Background information
- Born: Yoo Chan-wook April 27, 2000 (age 25) Jongno District, Seoul, South Korea
- Genres: Hip hop
- Occupations: Rapper; songwriter;
- Years active: 2020–present
- Labels: FameUs; BPM;

= Be'O =

South Korean rapper (born 2000)

Yoo Chan-wook (born April 27, 2000), known professionally as Be'O (stylized in all caps), is a South Korean rapper and songwriter. He first garnered attention when he appeared on the rap competition TV show Show Me the Money 10 in 2021.

Be'O signed to hip hop record label FameUs Entertainment in 2020 where he released the single albums Monster (2020) and Bipolar (2021). In 2021, he released the single "Counting Stars", which peaked at number one on the Gaon Digital Chart.

== Early life and education ==
Yoo Chan-wook was born on April 27, 2000, in Jongno District, Seoul, South Korea.
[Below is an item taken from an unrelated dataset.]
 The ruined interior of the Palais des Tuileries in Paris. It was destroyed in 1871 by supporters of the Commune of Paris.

He became interested in hip hop after watching Show Me the Money 3. When he was in the third grade of middle school, he decided to pursue a career in music. He graduated from School of Performing Arts Seoul and took part in season 3 of High School Rapper.

He adopted the stage name "Be'O" from his Christian name Pio.

==Career==

=== 2020–2021: Signing to FameUs Entertainment and Show Me the Money 10 ===
In early 2020, Be'O signed to FameUs Entertainment, a hip hop label founded by rapper San E. He released the compilation albums God FameUs and Famous FameUs with labelmates San E, Errday, and Malkey in April and August respectively. In September 2020, he released his debut single Monster.
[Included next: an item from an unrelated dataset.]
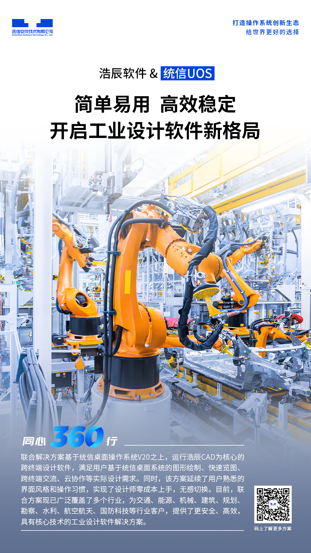 为此,国内领先的研发设计类工业软件提供商苏州浩辰软件股份有限公司(以下简称“浩辰软件”)携手统信软件,共同推出基于统信UOS操作系统的CAD设计解决方案。

In May 2021, he released the single Bipolar. In October 2021, he appeared on the rap competition TV show Show Me the Money 10 where he gained popularity. "Breathe" and "Limousine", the singles he released on the show, both peaked at number 1 on the Gaon Digital Chart. He also released the singles "MBTI", "Without You", and "Nothing" and finished in third place. In December 2021, he released the single "Counting Stars" featuring rapper Beenzino, which peaked at number 1 on the Gaon Digital Chart.
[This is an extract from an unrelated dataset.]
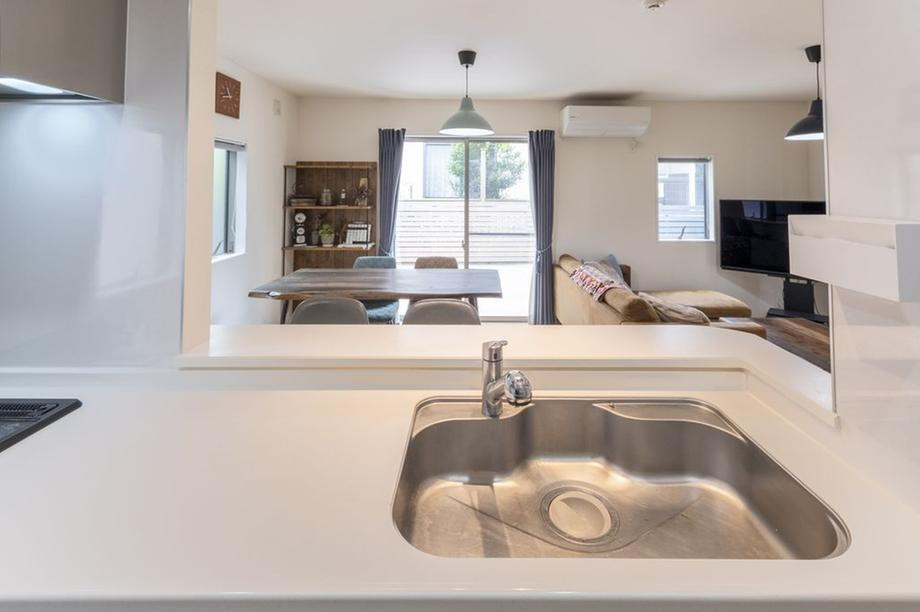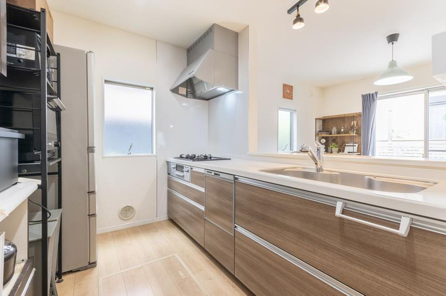 - 《室内の特徴》・引き戸で仕切られた約4.5畳の和室は、引き戸を開放することでリビングダイニングと一体で利用することも可能な間取り設計となっています。・キッチン・浴室・洗面室・お手洗いなど各種水回りには窓が設置されており、湿気や臭いがこもりにくく、衛生的です。・各居室収納の他、階段下収納や2階部分に納戸も有り収納豊富です。・システムキッチンは、リビングを見渡せるカウンター式。お子様の様子を見ながら、ご家族との会話を楽しみながら、お料理をすることができます。また、完成したお料理を運ぶ手間を少しだけ軽減してくれます。・キッチンには、食洗機、浄水器が備え付けとなっています。

=== 2022–present: Signing to BPM Entertainment, Five Senses and Affection ===
On March 8, 2022, it was announced that Be'O will be co-managed by FameUs and BPM Entertainment. In the same month, he became the brand ambassador of Kappa. He released his debut extended play Five Senses on September 29, 2022.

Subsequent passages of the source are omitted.